[[ Dataset records, beginning ]]

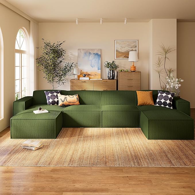 Acanva Luxury Modular Sectional Living Room Sofa Set, Modern Minimalist Style Couch with Ottoman and Chaise, U-Shape, Linen-Like Cream
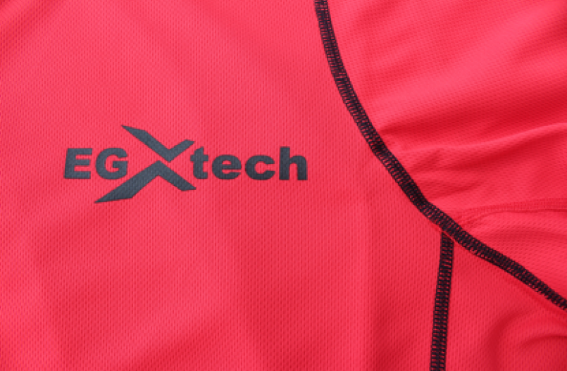 歐洲杯足球賽甫結束,喜歡足球的朋友們多少明白,球衣背後的膠字與背號是透過熱轉印技術印上去的,而 EGXtech EDS-3 隧道式單導排汗衣同樣採用了熱轉印技術,將其 LOGO 分別印在衣服正面左胸、衣服正面右上臂及衣服上背部。
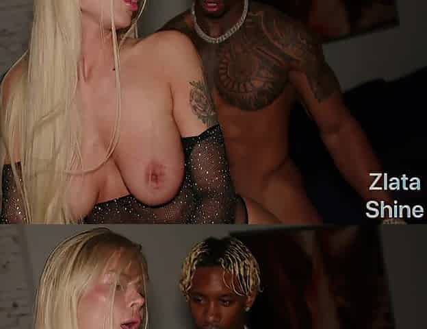 Brunette in fishnet lingerie gets her bald pussy stuffed by Zac Wild and Tommy King
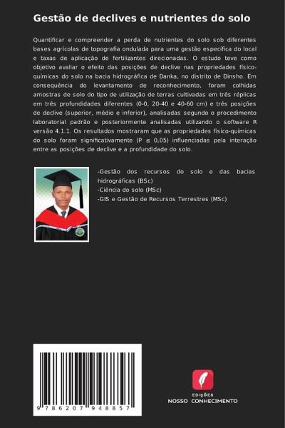 Quantificar e compreender a perda de nutrientes do solo sob diferentes bases agrícolas de topografia ondulada para uma gestão específica do local e taxas de aplicação de fertilizantes direcionadas. O estudo teve como objetivo avaliar o efeito das posições de declive nas propriedades físico-químicas do solo na bacia hidrográfica de Danka, no distrito de Dinsho. Em consequência do levantamento de reconhecimento, foram colhidas amostras de solo do tipo de utilização de terras cultivadas em três réplicas em três profundidades diferentes (0-0, 20-40 e 40-60 cm) e três posições de declive (superior, médio e inferior), analisadas segundo o procedimento laboratorial padrão e posteriormente analisadas utilizando o software R versão 4.1.1. Os resultados mostraram que as propriedades físico-químicas do solo foram significativamente (P ¿ 0,05) influenciadas pela interação entre as posições de declive e a profundidade do solo.
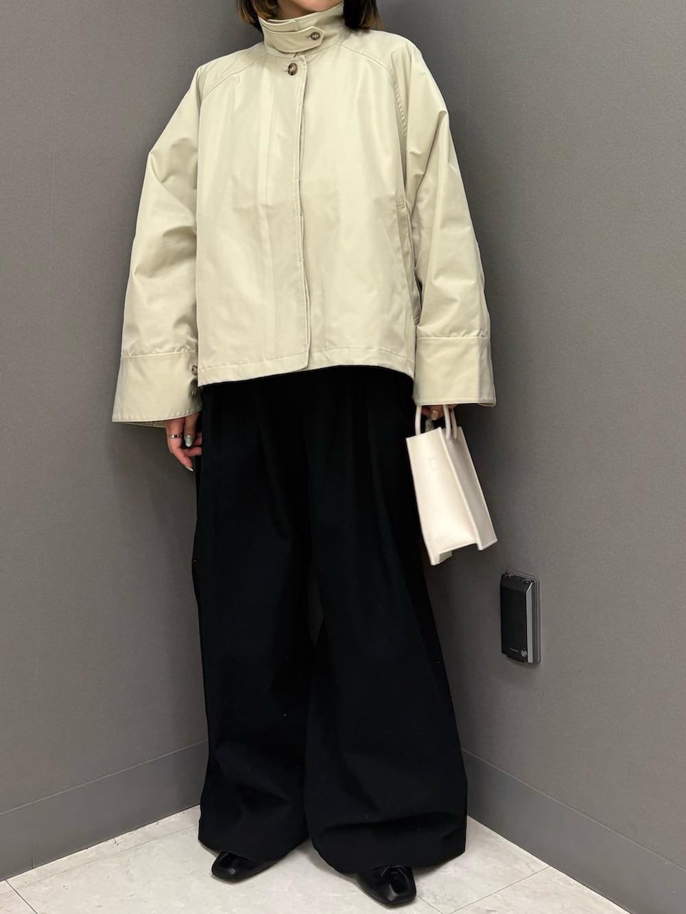 マントコートとタックパンツ、どちらもシンプルだけど、形が綺麗で、デザイン性もあるので活躍すること間違いなし!

[[ Dataset records, end ]]

### Task instructions
From the line holding "歐洲杯足球賽甫結束,喜歡足球的朋友們多少明白,球衣背後的膠字與背號是透過熱轉印技術印上去的,而 EGXtech EDS-3" to the line holding "Brunette in fishnet", both included, retype the entries above exactly and drop the pictures.

### Result of the exercise
 歐洲杯足球賽甫結束,喜歡足球的朋友們多少明白,球衣背後的膠字與背號是透過熱轉印技術印上去的,而 EGXtech EDS-3 隧道式單導排汗衣同樣採用了熱轉印技術,將其 LOGO 分別印在衣服正面左胸、衣服正面右上臂及衣服上背部。
 Brunette in fishnet lingerie gets her bald pussy stuffed by Zac Wild and Tommy King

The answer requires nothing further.